September 21, 2017 Avita Medical announced the execution of an expanded contract option valued at approximately US$24.3 million. This newly executed contract option establishes funding for key clinical and health economics research in U.S. pediatric burn care and extends Avita's Project Bioshield contract through to September 2022. Avita Medical has had a strong relationship with BARDA since the execution of a five-year contract in September 2015. Under the base contract BARDA made an initial investment of US$16.9 million to support Avita's ongoing U.S. clinical regulatory program towards FDA Premarket Approval (PMA), and to procure 5,000-plus ReCell devices. The contract also allowed BARDA to exercise future options to support additional clinical trials, and provide surge capacity for up to another 20,000 ReCell devices. Supplemental funding worth up to US$7.96 million was also provided to Avita under the contract in June 2016, to provide further operational support to Avita's PMA preparation and Compassionate Use program.[8]

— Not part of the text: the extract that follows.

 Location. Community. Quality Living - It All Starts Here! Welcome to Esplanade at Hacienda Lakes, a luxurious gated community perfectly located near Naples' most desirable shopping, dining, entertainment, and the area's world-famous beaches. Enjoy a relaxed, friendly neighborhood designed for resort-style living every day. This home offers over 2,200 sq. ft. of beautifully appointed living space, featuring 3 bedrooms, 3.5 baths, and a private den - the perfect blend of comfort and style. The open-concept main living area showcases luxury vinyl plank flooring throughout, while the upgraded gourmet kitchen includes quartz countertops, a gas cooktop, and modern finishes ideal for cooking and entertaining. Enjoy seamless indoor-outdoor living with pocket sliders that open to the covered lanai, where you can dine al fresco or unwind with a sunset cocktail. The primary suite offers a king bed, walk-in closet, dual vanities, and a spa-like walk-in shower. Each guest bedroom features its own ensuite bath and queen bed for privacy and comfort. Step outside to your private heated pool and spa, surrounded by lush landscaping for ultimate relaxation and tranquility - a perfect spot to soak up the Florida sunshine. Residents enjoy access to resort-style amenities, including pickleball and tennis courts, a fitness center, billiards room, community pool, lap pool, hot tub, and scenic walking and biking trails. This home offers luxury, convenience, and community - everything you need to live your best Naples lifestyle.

September 20, 2018 Avita Medical's ReCell wound care device received FDA PMA approval.

In 2009 the United States Armed Forces Institute of Regenerative Medicine provided Avita with a US$1.45 million grant to hasten the approval of the ReCell kit with the U.S. Food and Drug Administration.[9]

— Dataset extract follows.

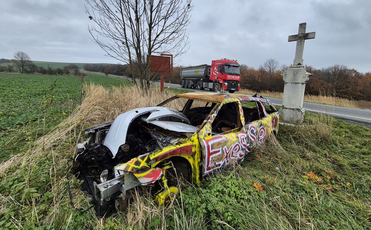 To, co za rok a půl zbylo z havarované škodovky nedaleko Heltínova.

In addition to the US studies for ReCell in burns and scars, ReCell is being studied in a number of small scale post-marketing studies in Europe for venous leg ulcers, Vitiligo, acne scars, scar remodeling, facial rejuvenation (wrinkle revision), treatment of donor graft sites, and hard to heal burn wounds in the elderly.

In 2018 a burn center in Phoenix, Arizona held a press conference to discuss the ongoing results of using ReCell to treat a woman with flesh-eating bacteria also known as necrotizing fasciitis.[10]